Alfred Stieglitz – Night Reflections, 1897

REALISM/ STRAIGHT PHOTOGRAPHY

Time period; 1915

Key characteristics / conventions; it was meant to show photography as a new modern art, the images were meant to be taken in sharp focus, with no manipulation with a clearly focused camera.  Straight photography is also synonymous with pure photography, since both terms describe the camera’s ability to faithfully reproduce an image of reality.

Straight photography emphasizes and engages with the camera’s own technical capability to produce images sharp in focus and rich in detail. The term generally refers to photographs that are not manipulated, either in the taking of the image or by darkroom or digital processes, but sharply depict the scene or subject as the camera sees it.

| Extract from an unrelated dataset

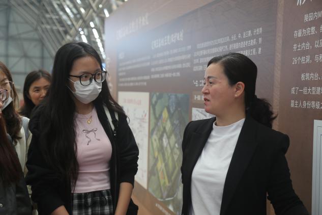 清晨8时,队伍抵达定陶后首站探访定陶汉墓群。作为西汉诸侯王陵的典型代表,定陶汉墓群中规模最大的M2汉墓是中国考古已发现规模最大、规格最高、结构独特、保存最完整、最具典型性代表意义的一座汉代黄肠题凑墓葬,是黄肠题凑葬制发展到最为成熟的晚期阶段的典型代表,是研究西汉帝陵的唯一实体标本。在发掘现场,讲解人员详细介绍了汉墓的背景,形制,发掘史,保存状况,出土遗物以及其在考古学上的重要价值等,展现了汉代人“事死如事生”的丧葬观念。同学们近距离观察了墓道结构,并通过展板与纪录片了解了墓葬的发掘历程及出土漆器、玉器等珍贵文物的考古价值。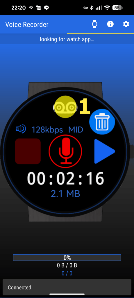 スマホ版の Voice Recorder を起動し、右上の “時計” アイコンを押して、左下に “Connected” と表示されれば、FIT4 の Voice Recorder と連携が完了しています。

Artists associated; Paul Strand , Edward Western was his inspiration from the previous art movement. “The Steerage”- Alfred Stieglitz then switched to straight photography from pictorialism.

Key works; many artists took inspiration from Picasso, as his paintings were very abstract.

Methods/processes; framing the images.The term generally refers to photographs that are not manipulated, either in the taking of the image or by darkroom or digital processes, but sharply depict the scene or subject as the camera sees it.

Contrast between pictorialist’s and realist’s;

Pictorialists were photographs who typically made on orthomatic dry plates, with emulsion speed at what would be by today’s standards somewhere between ISO 5 and 10. Mood was far more important than sharpness. The lenses used were capable of reasonably sharp results when well stopped down, but often the photographers of the day did not enjoy the advantages of bright light and stable objects so that they were forced to use wider apertures, where lens performance was considerably degraded.

The Realists, in contrast, were dedicated to creating photographs that were as sharp as possible, typically using large format sheet film cameras and very small apertures to maximize depth of field and sharpness. Most, though not all, were landscapes, usually of the American West. The Realists believed photography to be a totally new art form, NOT a tool or technique for prior forms of art.